All results in this section use identical hardware, protocol set, and request load.

### 2-Hop

| Workers | most_liquid (req/s) | bellman_ford (req/s) | Ratio |
| ------: | ------------------: | -------------------: | ----: |
|       1 |              397.19 |                85.31 |  4.7x |
|       2 |              743.16 |               154.58 |  4.8x |
|       3 |             1035.84 |               220.12 |  4.7x |
|       4 |             1444.04 |               290.93 |  5.0x |
|       6 |             2109.26 |               406.87 |  5.2x |
|       8 |             2820.08 |               518.54 |  5.4x |

`most_liquid` is consistently **~5× faster** for 2-hop routing. Its greedy liquidity-ranked search terminates early once the best path is found, while Bellman-Ford explores all paths exhaustively.

### 3-Hop

| Workers | most_liquid (req/s) | bellman_ford (req/s) | Winner |
| ------: | ------------------: | -------------------: | ------ |
|       8 |              146.52 |               429.44 | bellman_ford (2.9x) |
|      16 |              298.22 |               760.92 | bellman_ford (2.6x) |
|      20 |              352.63 |               874.51 | bellman_ford (2.5x) |
|      24 |              243.00 |               974.94 | bellman_ford (4.0x) |
|      28 |              384.13 |              1201.92 | bellman_ford (3.1x) |
|      32 |              366.06 |              1219.96 | bellman_ford (3.3x) |

Both algorithms use the same 8-protocol set. `bellman_ford` is consistently **2.5–4× faster** at 3 hops. The advantage reflects the increased computational complexity of `most_liquid`'s 3-hop search.

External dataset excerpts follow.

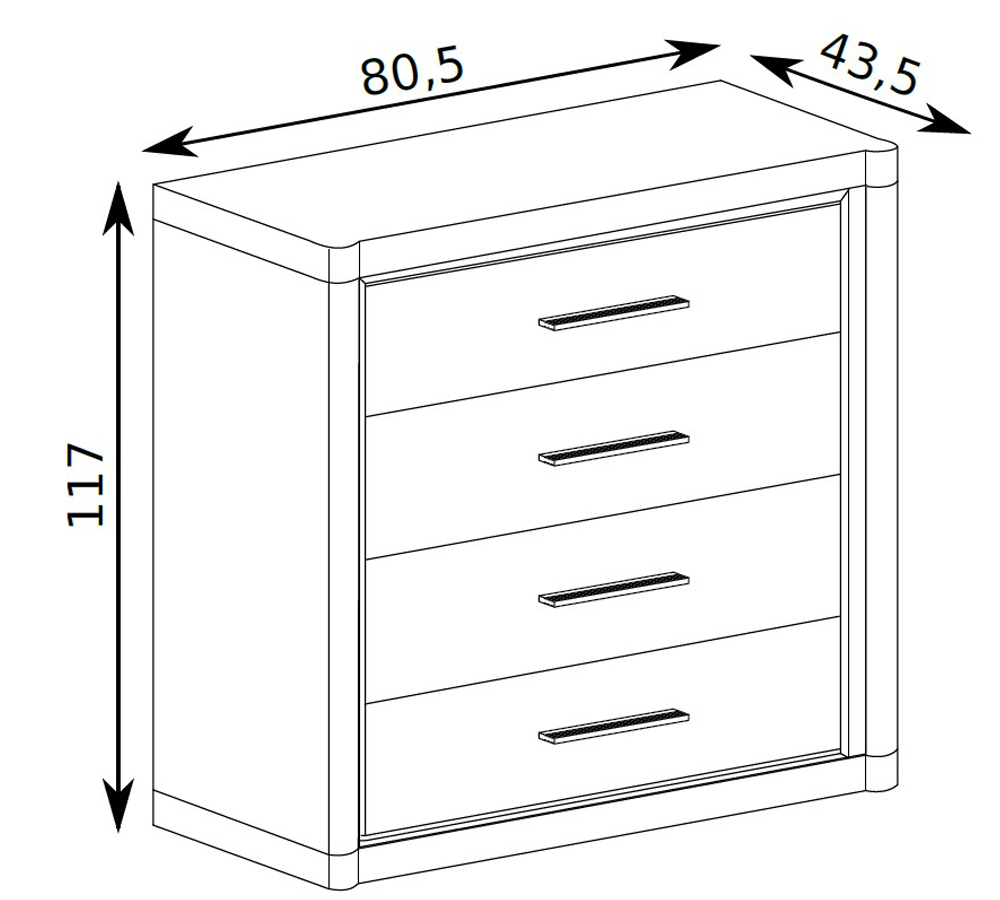 Komoda DENEA została wyposażona w cztery pojemne szuflady, które pozwolą ci przechować niezbędne akcesoria oraz część garderoby. Natomiast nowoczesna stylistyka w jakiej została wykonana sprawia, że znajduje uznanie we współczesnych aranżacjach salonów.
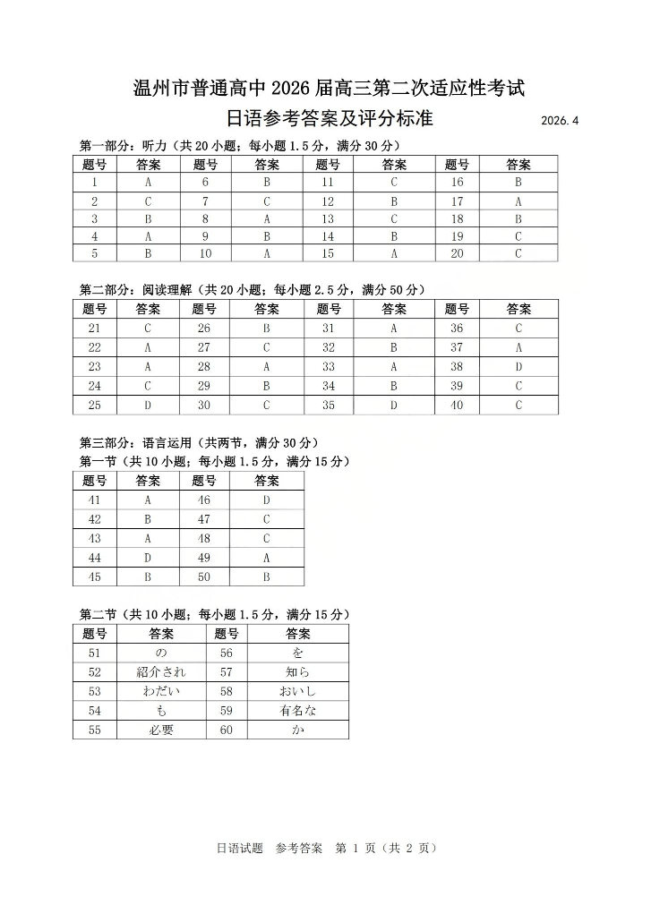 温州市普通高中2026届高三第二次适应性考试 日语答案.pdf
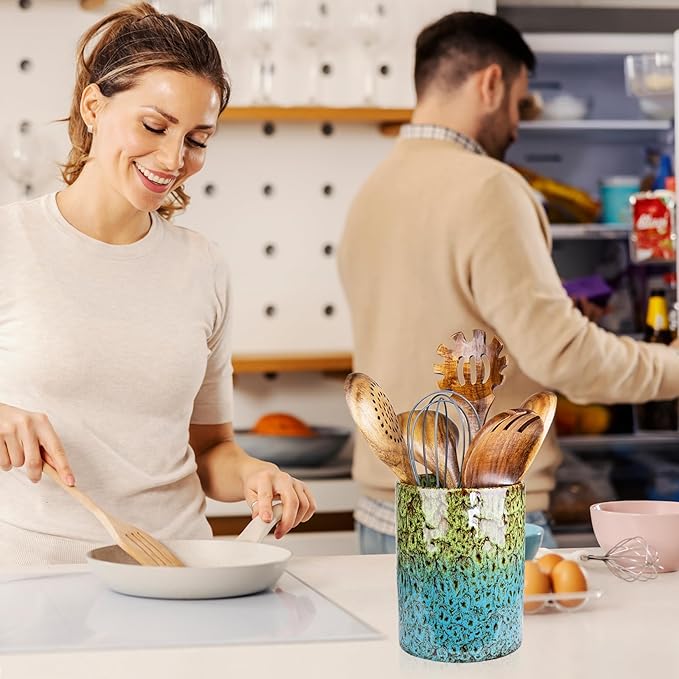 Utensil Holder, Ceramic Kitchen Utensil Holder for Countertop, Large Cooking Utensil Crocks for Kitchen Counter, Morden Utensil Organizer for Spatula, kitchen Decor,Green & Blue
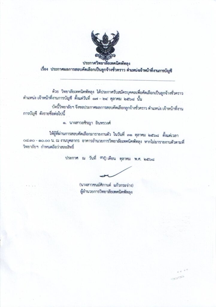 ประกาศผลการสอบคัดเลือกเจ้าหน้าที่งานบัญชี ข่าวงานบุคลากร 31 ต.ค. 2025 12 share tweet share ประกาศผลการสอบคัดเลือกเจ้าหน้าที่งานบัญดาวน์โหลด
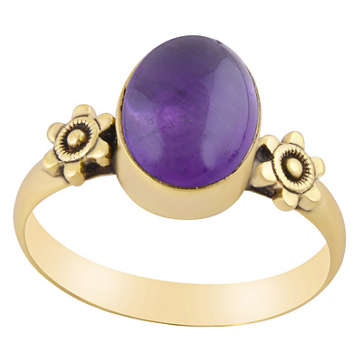 Home | Fashion Rings | Brass Gemstone Rings | Alluring Flower Around Amethyst Oval Shape Solid Brass Ring

At 3 hops, the results **reverse**: `bellman_ford` is **2–2.5× faster** than `most_liquid` and keeps scaling while `most_liquid` plateaus. The `most_liquid` greedy search requires pre-computed edge weights (spot price × depth) that are recomputed on every block, creating a periodic pause that limits scaling; Bellman-Ford carries no pre-computed edge state so its per-block update is a no-op.